📌 Overview
calibr is an R package that provides tools for experimental calibration, enabling researchers to estimate and update measurement method rankings across various datasets.
We propose a principled approach via combining Bayes Factors for the object model, induced by a certain measurement, against the null model, which is simply an intercept (the worst possible measurement method).
The package is particularly useful for combining evidence from multiple studies.
The infrastructure is a verbatim implementation of the methods in Nikolakopoulos, S., & Ntzoufras, I. (2021). Meta analysis of Bayes factors. arXiv preprint arXiv:2103.13236. The logic underlying the choice of Bayes factors to indicate retrodictive validity is described in Mancinelli, F., & Bach, D. (2025). Experiment-based calibration: inference and decision-making.
To install calibr from GitLab, use the following command in R:
# Install necessary dependencies
install.packages("devtools")
# Install from GitLab
devtools::install_git("https://gitlab.com/bachlab/methods/calibr.git")
In this example, three datasets from different studies are analyzed in a between-subjects setting: the binary standard score (0/1) forms two groups.
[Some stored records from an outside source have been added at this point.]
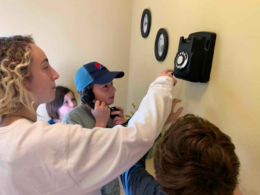 We decided to make one last stop before we drove home on Sunday. If you are like everyone else at Christmas and watch “A Christmas Story” at least once over the holiday season, you are familiar with the story of Ralphie, his family, and his desire to own a Red Ryder BB gun. The Christmas Story house is located in Cleveland! We booked a tour of the house, checked out the family car, and toured the museum. It was so fun to see all the scenes we watch every year! I highly suggest paying to tour the house. Our tour guide was wonderful, and there were so many interesting stories about the filming of the movie. Our kids, as you can see, were most entranced by the mystique of a rotary phone.
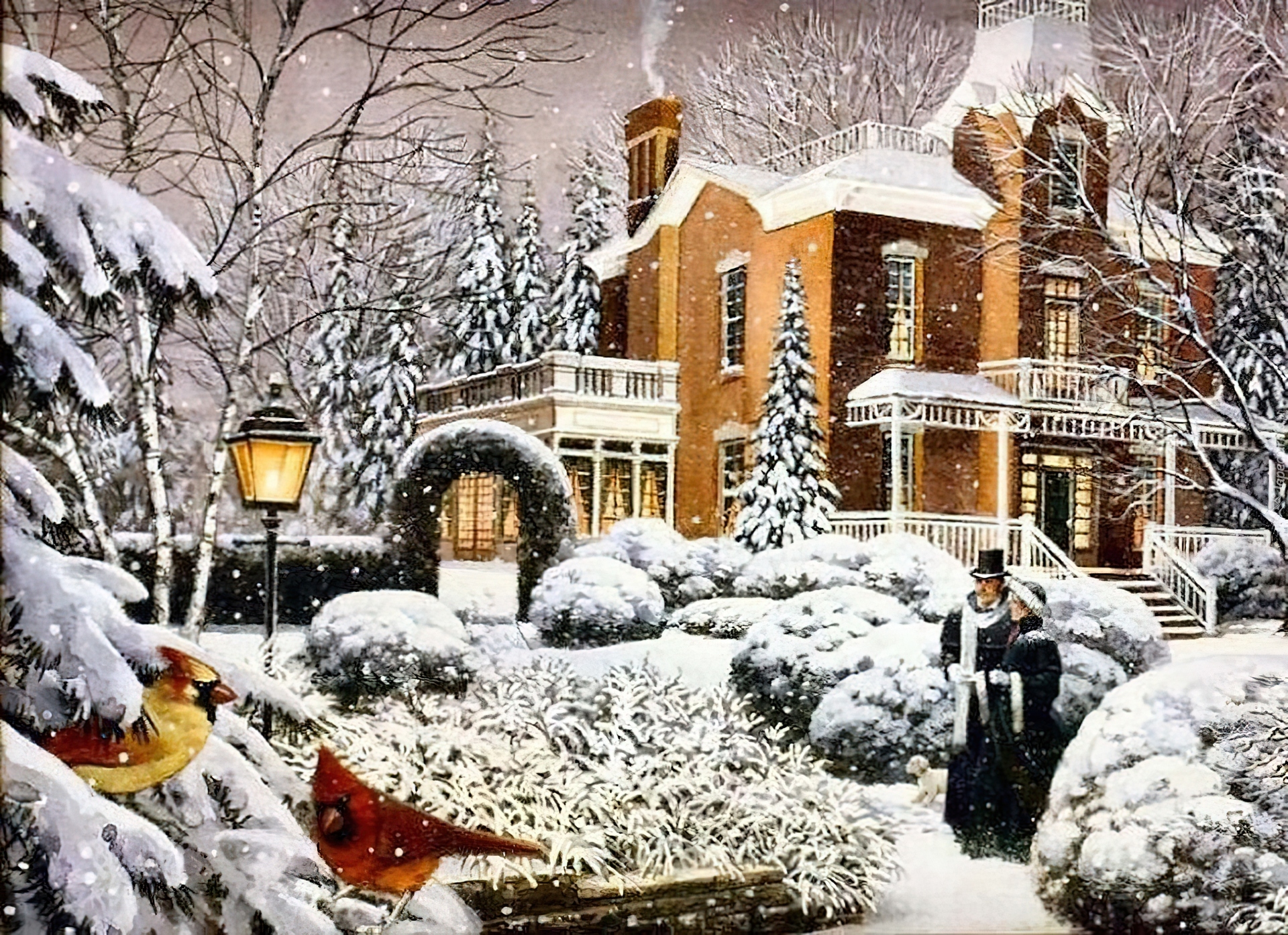 Edytor tapety: Dom, Ogród, Para, Zima
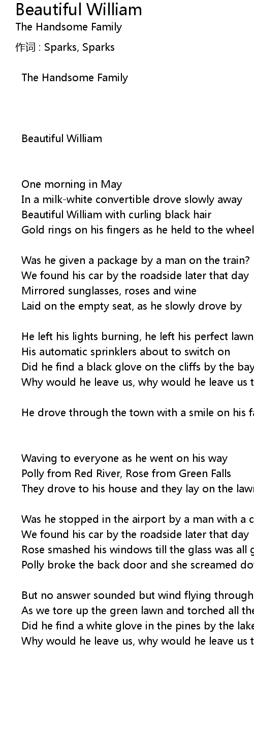 | Song | Beautiful William |
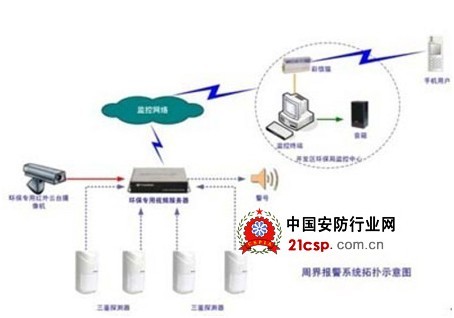 在排污口监控点周围的重要监控地点安装三鉴探测器、红外一体机,首先将三鉴探测器和红外一体机接入到环保专用视频服务器,当有警情发生时,可以直接通过环保专用视频服务器直接输出到警号,能起到阻止作用,防止警情进一步发展,同时报警信号通过专用网络上传到各级监控中心,在监控中心,通过环保远程综合监控系统软件可以对前端报警信号处理、报警联动视频等进行设置,并可以设置个性化的报警声音,通过音箱或其他音频输出设备,提醒工作人员前方有异常状况发生,可以及时作出相应的处理。如果监控中心值班人员不在的情况下,系统还会通过短信猫将警情发到相关人员的手机上,让其可以及时地了解现场状况。如上图所示。
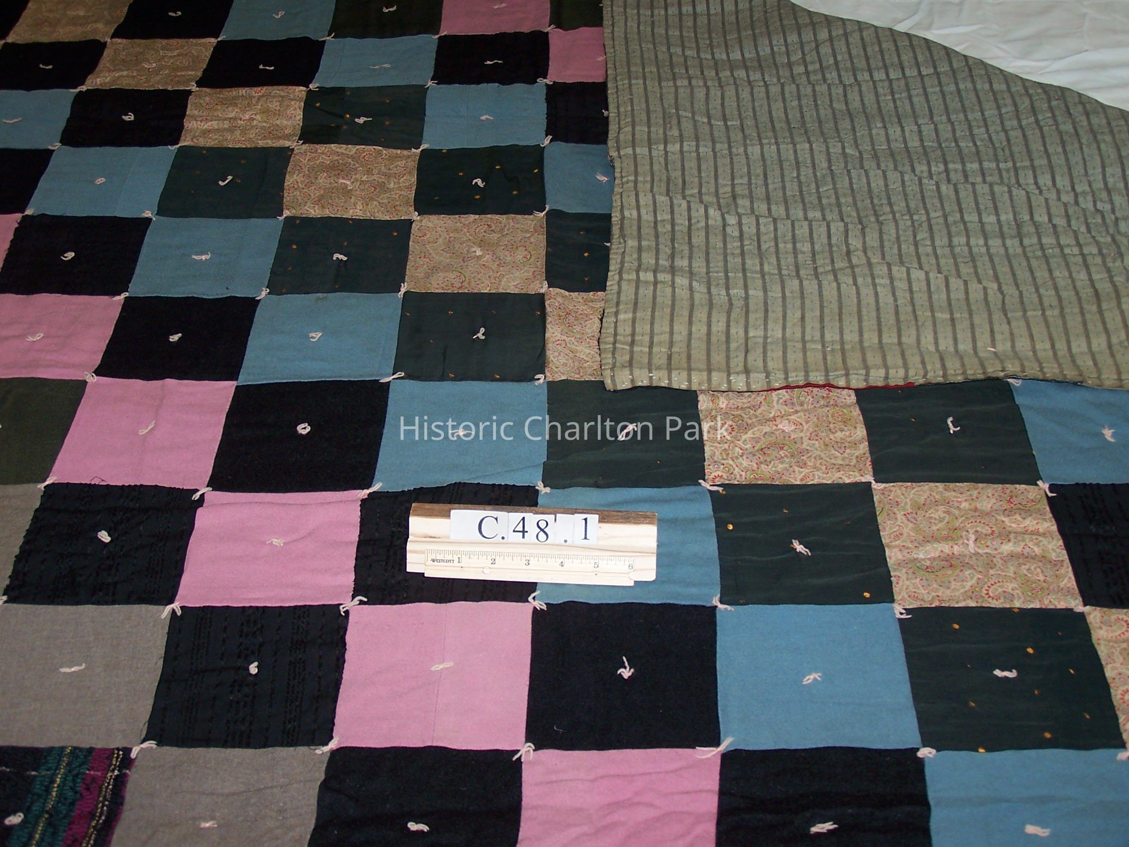 One patch quilt with tied stitch. Made with wool fabric and wool ties on the top. Backing is cotton stripe with feather stitching at the border. This was a utility quilt.Acquisition
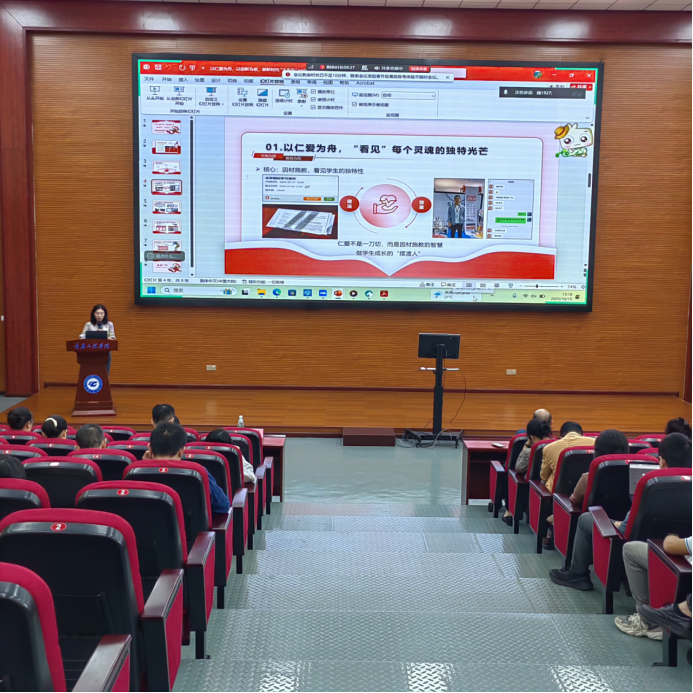 视频学习结束后,秦旗老师结合自身教育教学经验,作《以仁爱为舟,以创新为浆,做时代“大先生”》的主题宣讲,深刻阐述了教育家的三重境界,把以仁爱为舟、以创新为桨、以使命为舵作为出发点,把“看见”每个灵魂的独特光芒、点燃学生内在的求知火焰、锚定“国之大者”的育人方向作为落脚点,讲述了从三尺讲台走向“大先生”的境界的实践路径。
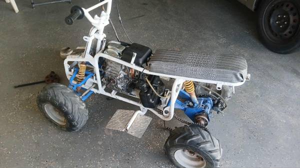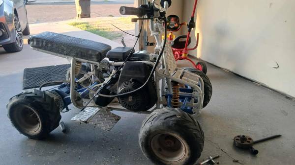 Mini four wheeler is not complete yet but is almost done the only part it needs is a right size sprocket and other things it needs is to wire up the throttle and make holes to fit and bolt it down other than that it has everything it runs has plenty gas if no one buys it right now I'll just finish it myself can come with extra tools to help finish for extra cash 350 obo open to trades for anything feel free to ask any questions
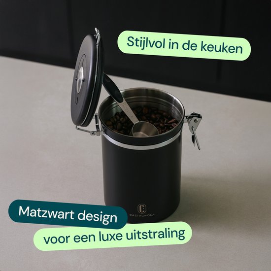 Boîte à café Castagnola 1,8L - Noir mat - hermétique avec sortie CO2 - 600 grammes - 12,5 x 12,5 x 19 cm
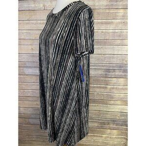 Apt 9 Large NWT Dress Striped Stretchy Liquid Knit Textured Black Brown Career
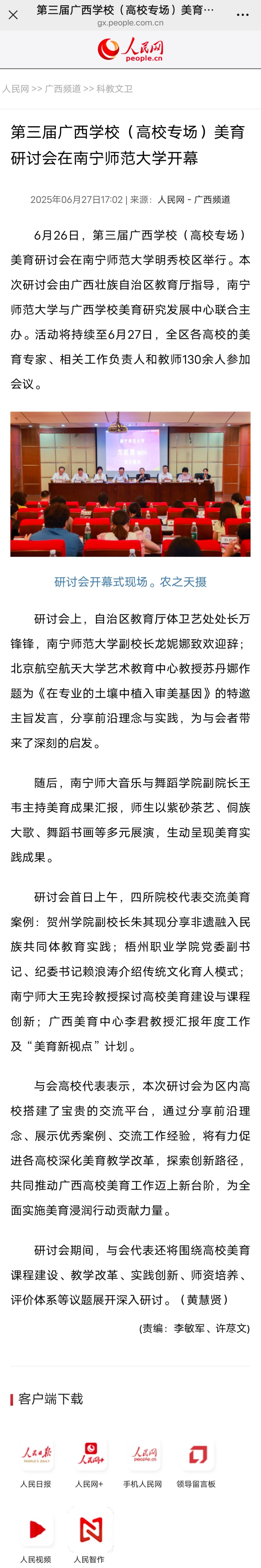 【人民网】第三届广西学校(高校专场)美育研讨会在南宁师范大学开幕

Per combination of study × standard score × measurement, we simulate 20 observations. “Measure_A” is better than “Measure_B”.
library(dplyr)
set.seed(123)
# Parameters
n_studies <- 3
n_per_group <- 20
datasets <- paste0("Study", 1:n_studies)
measurements <- c("Measure_A", "Measure_B")
standard_scores <- c(0, 1)
# Simulate
df <- expand.grid(
dataset = datasets,
standard_score = standard_scores,
measurement_name = measurements
) %>%
rowwise() %>%
do(data.frame(
dataset = rep(.$dataset, n_per_group),
standard_score = rep(.$standard_score, n_per_group),
measurement_name = rep(.$measurement_name, n_per_group),
measurement_value =
if (.$standard_score == 0) {
if (.$measurement_name == "Measure_A") rnorm(n_per_group, mean = 45, sd = 30) else rnorm(n_per_group, mean = 40, sd = 30)
} else {
if (.$measurement_name == "Measure_A") rnorm(n_per_group, mean = 70, sd = 30) else rnorm(n_per_group, mean = 55, sd = 30)
}
)) %>%
ungroup()
library(calibr)
result <- calibration_summary(
data = df,
dataset_col = "dataset",
measurement_name_col = "measurement_name",
measurement_values_col = "measurement_value",
standard_scores_col = "standard_score"
)
# Main summary table (ordered by log BF)
print(result$summary_table)
# Matrix of pairwise log BF differences
print(result$log_bayes_factor_diffs)
# Short statement about the best measurement
cat(result$best_measurement, "\n")
# Subject overlap (if subject IDs were provided)
print(result$subject_overlap)
I don’t understand the logic of subject overlap. When can I trust the computations?
calibr
provides two functions to infer measurement rankings from data: meta_bf_from_data
and strict_meta_bf_from_data
.
meta_bf_from_data
compares Bayes factors assuming data homogeneity. Since not all measurements are always available across datasets, the Bayes factors may not be based on the exact same data.strict_meta_bf_from_data
restricts comparisons to datasets where all relevant pairs of measurements are available.
The subject_overlap
metric in meta_bf_from_data
quantifies how reliable each comparison is. With complete overlap, Bayes factors are directly comparable.
My BF ranking and Cohen’s d ranking don’t perfectly match. Why?
Bayes factors (BFs) and Cohen’s d are not in one-to-one correspondence. Discrepancies arise because each is combined across datasets differently. The weighting schemes emphasize different dataset features, which can lead to mismatches.
What if my standard score isn’t binary?
If your standard score is not binary, Cohen’s d is not meaningful. You will still receive all other outputs.